Q. Is the test data independent, or was it used during development? The benchmark test set was built from real Claude Code session traces and labeled by an independent LLM judge. The paper describes it as a held-out set, and the frozen test data is published alongside the code under the MIT license at the project repository [1].

Q. What does the Merkle-chained audit log actually protect against?
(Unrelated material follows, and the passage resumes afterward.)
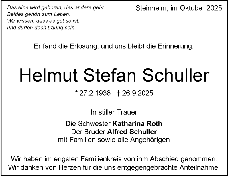 Hier finden Sie alle Traueranzeigen aus der Zeitung, die bisher für Helmut Stefan Schuller erschienen sind. Weitere Traueranzeigen, die in der Zeitung erscheinen, werden hier ebenfalls aufgelistet
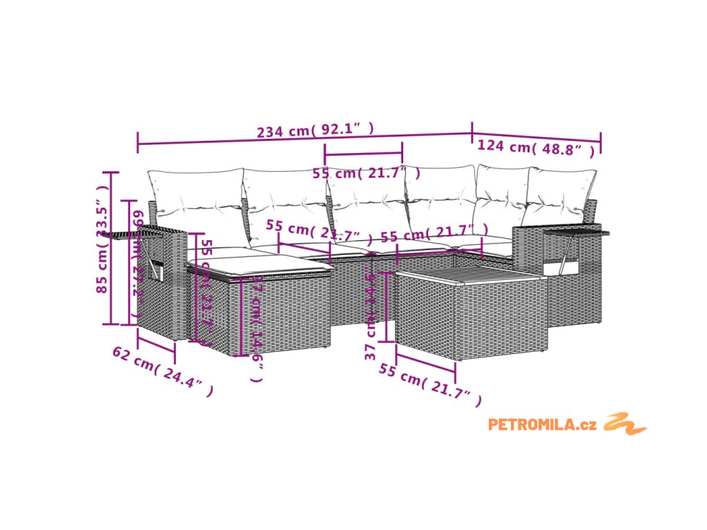 Sada zahradních pohovek s polštářem 7 pcs Hnědá Poly ratan

The chaining structure ensures that any retroactive modification to an anchor entry would produce a detectable break in the chain. This is primarily relevant for compliance scenarios where operators need a verifiable record of how behavioral anchors have changed over time [1].

Key takeaways

Nautilus Compass detects persona drift in production LLM coding agents using only prompt-text cosine similarity with BGE-m3 embeddings, requiring no model weight access and enabling use with closed APIs such as Anthropic Claude.
The system achieves ROC AUC 0.83 on drift detection and 44.4% on EverMemBench-Dynamic, topping four published baselines, while sitting approximately 30 points below white-box leaders on LongMemEval-S.
Among six surveyed public agent memory layers (Mem0, Letta, Cognee, Zep, MemOS, smrti), Nautilus Compass is the only one verified to skip LLM calls at index time, reducing reproduction cost to roughly $3.50.
The single-daemon deployment covers a Claude Code plugin, MCP 2024-11-05 A2A server, CLI, and REST API, with Merkle-chained audit logging for tamper-evident anchor tracking.
The authors explicitly acknowledge the no-extraction design imposes a retrieval ceiling, framing the 30-point accuracy gap as an architectural trade-off rather than a solvable defect.